Lorsque la Ligue et l'OCI défendent le service militaire01/06/19731973Lutte de Classe/static/common/img/ldc-min.jpg

Lorsque la Ligue et l'OCI défendent le service militaire

Dans un précédent numéro de Lutte de Classe, nous avons exposé et critiqué la politique de la Ligue Communiste et de l'AJS-OCI par rapport à la lutte des lycéens contre la loi Debré.

L'une comme l'autre de ces deux organisations se contentaient de s'aligner sur les revendications corporatistes des lycéens concernant le sursis. L'une comme l'autre ont fait le choix de renoncer à défendre au sein du mouvement une politique propre, défendant les intérêts des jeunes travailleurs, pour ne pas encourir le moindre risque de se couper de la fraction la plus conservatrice de la jeunesse des lycées.

Faire ce choix, c'était refuser que le mouvement lycéen dépasse le cadre étroitement corporatiste de la défense d'un avantage intéressant la seule jeunesse intellectuelle. C'était refuser de donner à la jeunesse travailleuse des objectifs lui permettant de participer à la lutte autrement qu'à la remorque des lycéens, autrement qu'en se battant pour le compte de ces derniers exclusivement.

C'était refuser de diriger la lutte contre l'État bourgeois.

Dans une lutte, non décisive sans doute, c'était déjà faire un choix de classe. Le choix de se préoccuper plus de ce qui allait dans le sens des intérêts - supposés - de la petite bourgeoisie estudiantine que dans celui des travailleurs.

Proposer au mouvement des objectifs susceptibles de concerner les jeunes travailleurs et, par la même occasion, ouvrir devant le mouvement une perspective plus vaste que la lutte pour la seule suppression d'une mesure d'importance mineure pour la bourgeoisie, voilà ce que devait être en tout état de cause la politique d'une organisation révolutionnaire. D'autant plus qu'à côté du réflexe corporatiste, le mouvement lycéen exprimait nettement l'aversion de toute une partie de la jeunesse contre l'armée, contre cette entreprise de dressage et d'abrutissement qu'est le service militaire. Or, au lieu de tenter d'exprimer clairement cette aversion confuse, la Ligue, l'AJS, aux côtés des staliniens, en ont pris le contre-pied. Au lieu d'indiquer des objectifs dirigés contre l'armée dans son ensemble et pas seulement contre une mesure secondaire, au lieu de tenter d'amener la lutte des lycéens sur des objectifs conformes aux intérêts des travailleurs, au lieu, en un mot, d'élever la conscience politique des participants du mouvement, la Ligue comme l'AJS-OCI l'ont ramenée au corporatisme étroit.

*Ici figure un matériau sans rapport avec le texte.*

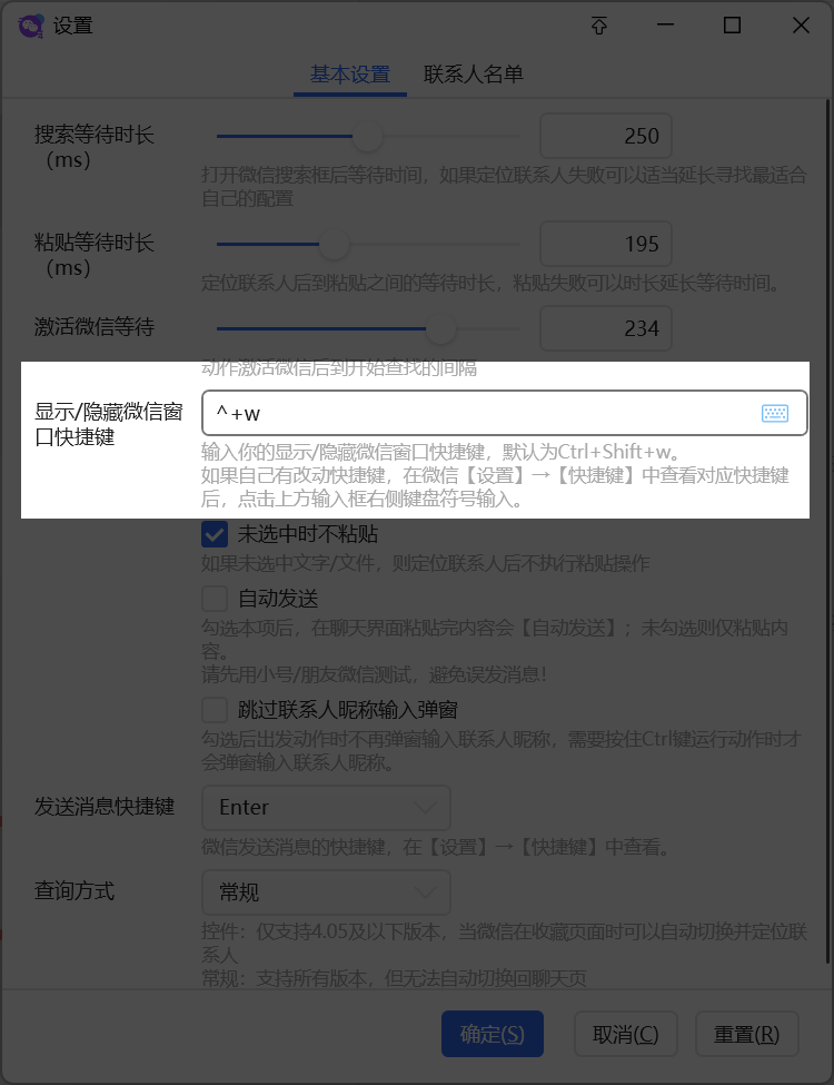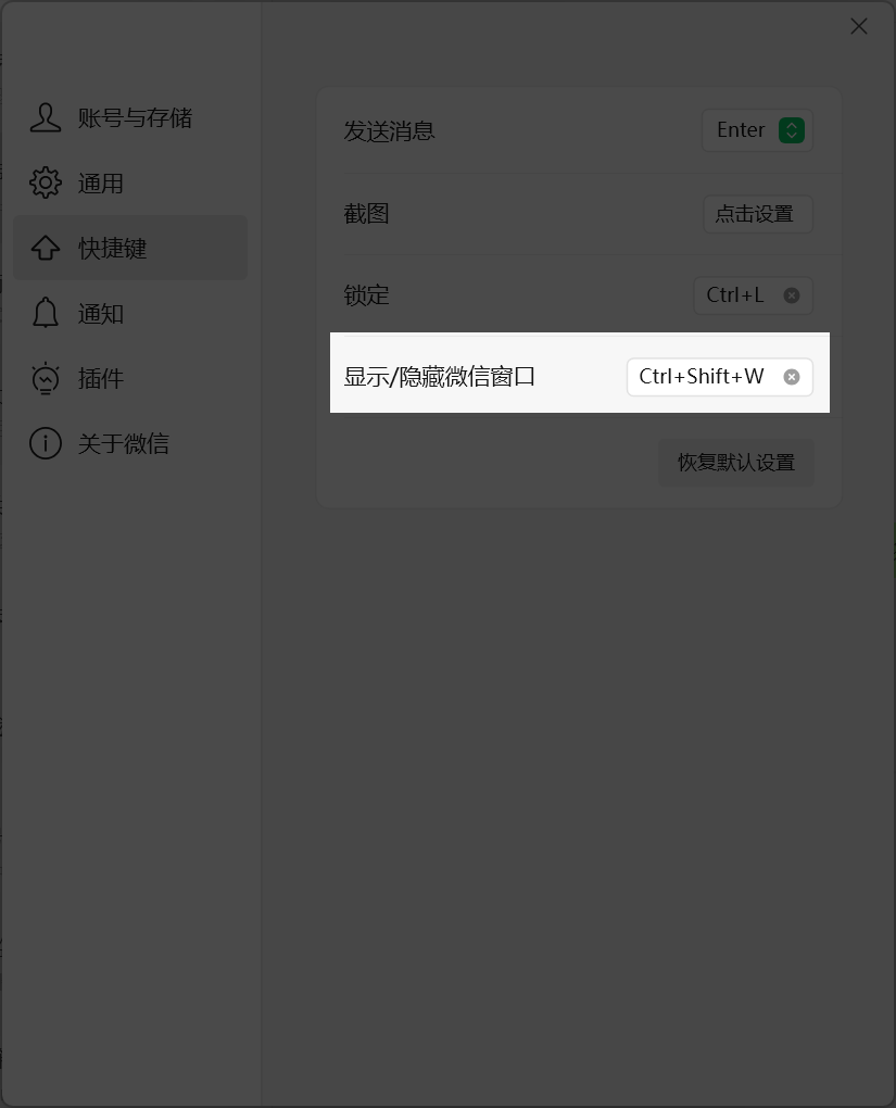 Ctrl + Shift + W - 关闭右侧所有标签页这两个快捷键和微信的激活快捷键冲突了,把你的微信激活快捷键设置成其他快捷键,然后动作的设置页里同步改一下微信激活快捷键,应该就可以了。
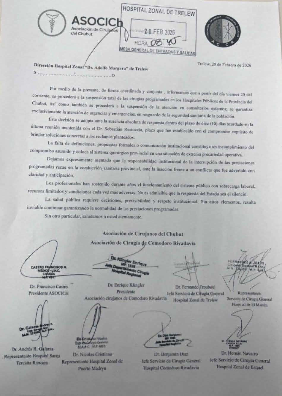 La Asociación de Cirujanos del Chubut (ASOCICH) informó la suspensión total de las cirugías programadas en los hospitales públicos provinciales, así como también la interrupción de la atención en consultorios externos vinculados al área quirúrgica. La medida comenzó a regir el viernes 20 de febrero y fue notificada por escrito a la Dirección del Hospital Zonal “Dr. Adolfo Margara” de Trelew.
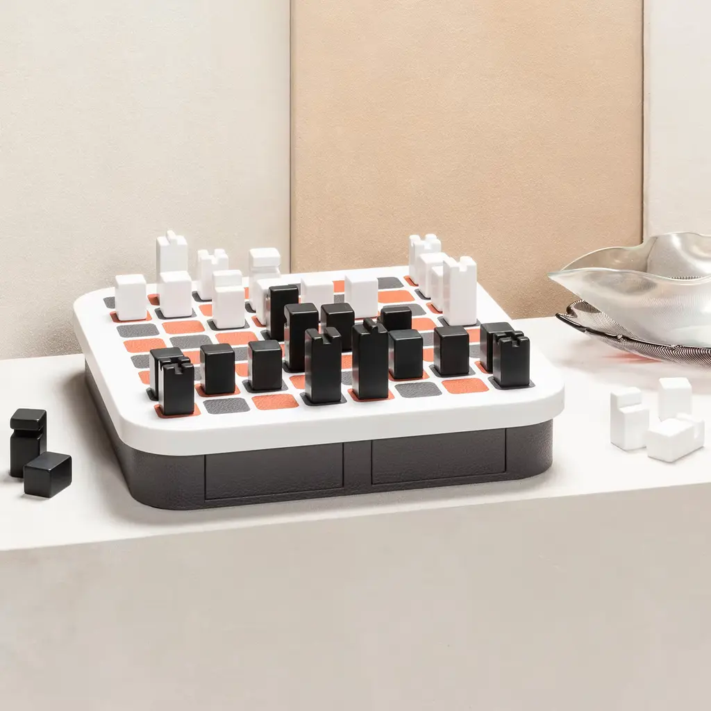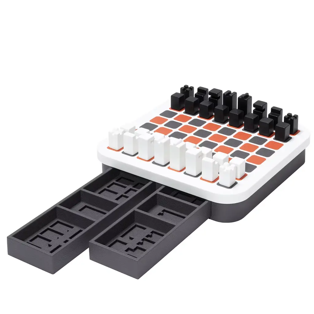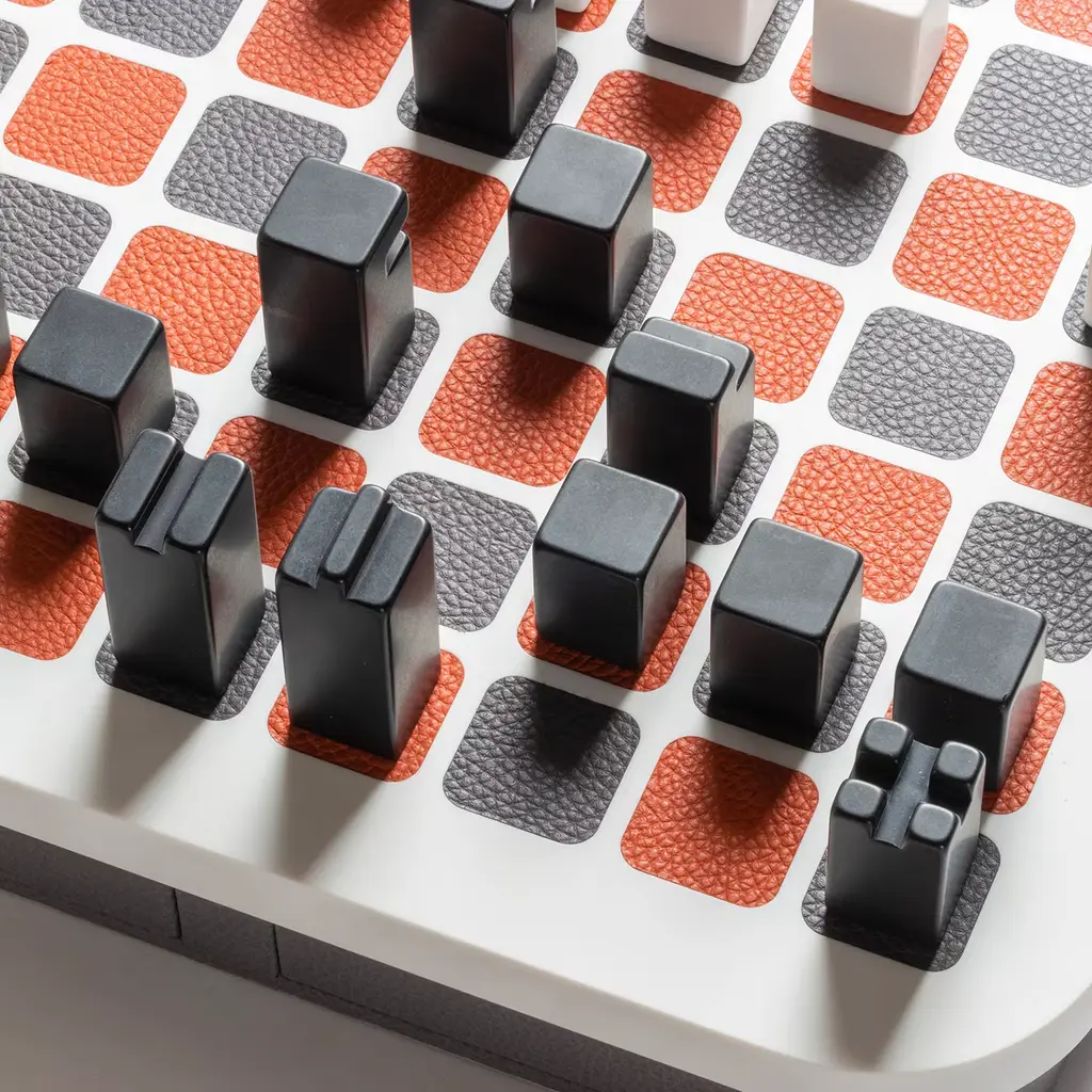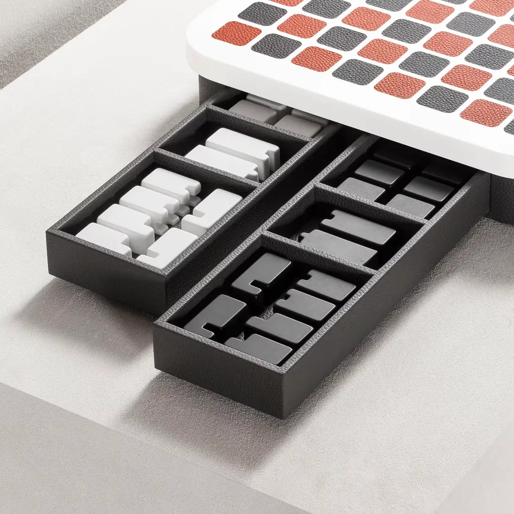 Corian® structure features fine leather inserts on top and a leather base provided with magnetic drawers with spaces to store playing pieces. The set is equipped with high-quality Corian® black and white pieces paired together. Corian® combinations: white & black.

La Ligue et l'AJS-OCI se sont retrouvées côte à côte avec les staliniens pour combattre un objectif aussi « démagogique » et « dangereux » que la suppression du service militaire.

C'est par désir de conformer ses mots d'ordre à ce qu'elle croyait être le sentiment de la petite bourgeoisie estudiantine en lutte, que la ligue, s'en tenant au problème des sursis, s'est opposée à cette revendication. cette politique a cependant sa propre logique. en refusant de combattre le service militaire, la ligue a été tout naturellement conduite à le défendre. et, pour ce faire, à puiser parmi les vieilleries réformistes qui auraient dû disparaître depuis que jaurès leur avait donné leur dernier éclat, si les staliniens ne les avaient pas ressorties pour leur propre usage et celui de la bourgeoisie.

Et pour justifier un refus qui n'était que tactique et opportuniste, la Ligue a, pour « théoriser » ce refus, redécouvert dans l'arsenal réformiste et stalinien, que l'armée de conscription s'opposait à l'armée de métier.

« Certes, le contingent n'est pas le peuple en armes » - annonce prudemment un article de Rouge. Voilà pour sa position de principe. Mais il enchaîne aussitôt : « il demeure cependant, malgré l'encasernement, malgré la discipline et le bourrage de crâne, le lien le plus étroit avec la classe ouvrière, le lien qui fait que la bourgeoisie ne peut pas toujours utiliser son armée comme elle l'entend ».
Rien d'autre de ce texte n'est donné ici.